# I'm so pleased.



## scareme (Aug 29, 2006)

Today they had a retirement ceremony for my husband, even though his last day isn't until the 20th. I was surprised and pleased to get recognized also, for sticking with him for the entire 33 years. I said I should have gotten hazardous duty pay for the last 33 years, and everyone agreed with me. Except for Rick, who flipped me off. I love him.


----------



## RoxyBlue (Oct 6, 2008)

Awww, how sweet of them to recognize the importance of a spouse's support. Congrats to you both!


----------



## bobzilla (Nov 13, 2008)

Congrats


----------



## The Halloween Lady (Aug 18, 2010)

That is so very cool. How wonderful of them to include and honor you as well. I have been married for 32 years so I realize what an accomplishment that is. Thank you both for your service.


----------



## Spooky1 (Aug 25, 2008)

Congrats to you both, now you'll have to put up with him all day long too!


----------



## Hairazor (Mar 13, 2012)

Yay you two!


----------



## Wildcat (Nov 3, 2007)

The navy did the same for my wife and kids. It's well deserved recognition of the people that keep everything together when service persons are away and help those same service persons deal with whatever issues are caused.

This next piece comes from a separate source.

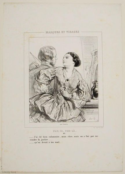 Editor: This is "The End of a Novel" by Paul Gavarni. I’m struck by how this simple sketch conveys such vulnerability. What do you see in this image? Curator: The figure's outstretched hand and the child she cradles speak to fundamental human needs: sustenance and protection. The title implicates a narrative, suggesting a character whose story has reached its tragic conclusion. Editor: So the artist is using familiar tropes of destitution to evoke emotion? Curator: Precisely. Gavarni taps into pre-existing cultural scripts. Consider how the turban worn by the figure might signify exoticism or otherness, layering further meaning onto her plight. Notice how Gavarni uses the semiotics of pose and dress to underscore the image’s message. Editor: That’s fascinating. I never thought about the turban as a symbol in this context. Curator: It is in these visual cues that we uncover how much images shape and reflect our shared understanding of the world. Thank you for letting me share this with you.

Congrats on the retirement and thanks for your support.


----------



## Abunai (Oct 28, 2007)

Very cool.
Both you and your hubby deserve the recognition. 
Thank you both for your service (even though it was only the Air Force) . 

Abunai
(Proud Army Vet)


----------



## Headless (Sep 4, 2011)

That's lovely Laura.


----------



## Pumpkin5 (Aug 8, 2010)

:jol:That is wonderful Laura! You definitely deserve the recognition, you are the glue that holds it all together. I think the family unit is such an important and vital necessity for the strength of our great nation. All of our military men and women deserve to have the support of their families and as always, I am so grateful for their service and keep them in my prayers each night. Yay for Rick and double Yay for you!


----------



## scareme (Aug 29, 2006)

Thank you for your kind words, everyone. It has been an interesting 33 years. He was deployed 22 times in that amount of time. During his first year I lived in 5 different states. Talk about living out of a suitcase. Anyway we've had a lot of experiences we wouldn't have had otherwise. 

Abunai, the Army is the one area of service my family didn't serve in. My Dad was a Marine during the Korean war. My brother was in the Navy during the Vietnam war. And Rick was in during Iraq 1 & 2 and Afghanistan. And God has blessed each of them by sending them home alive. We're a very lucky family.


----------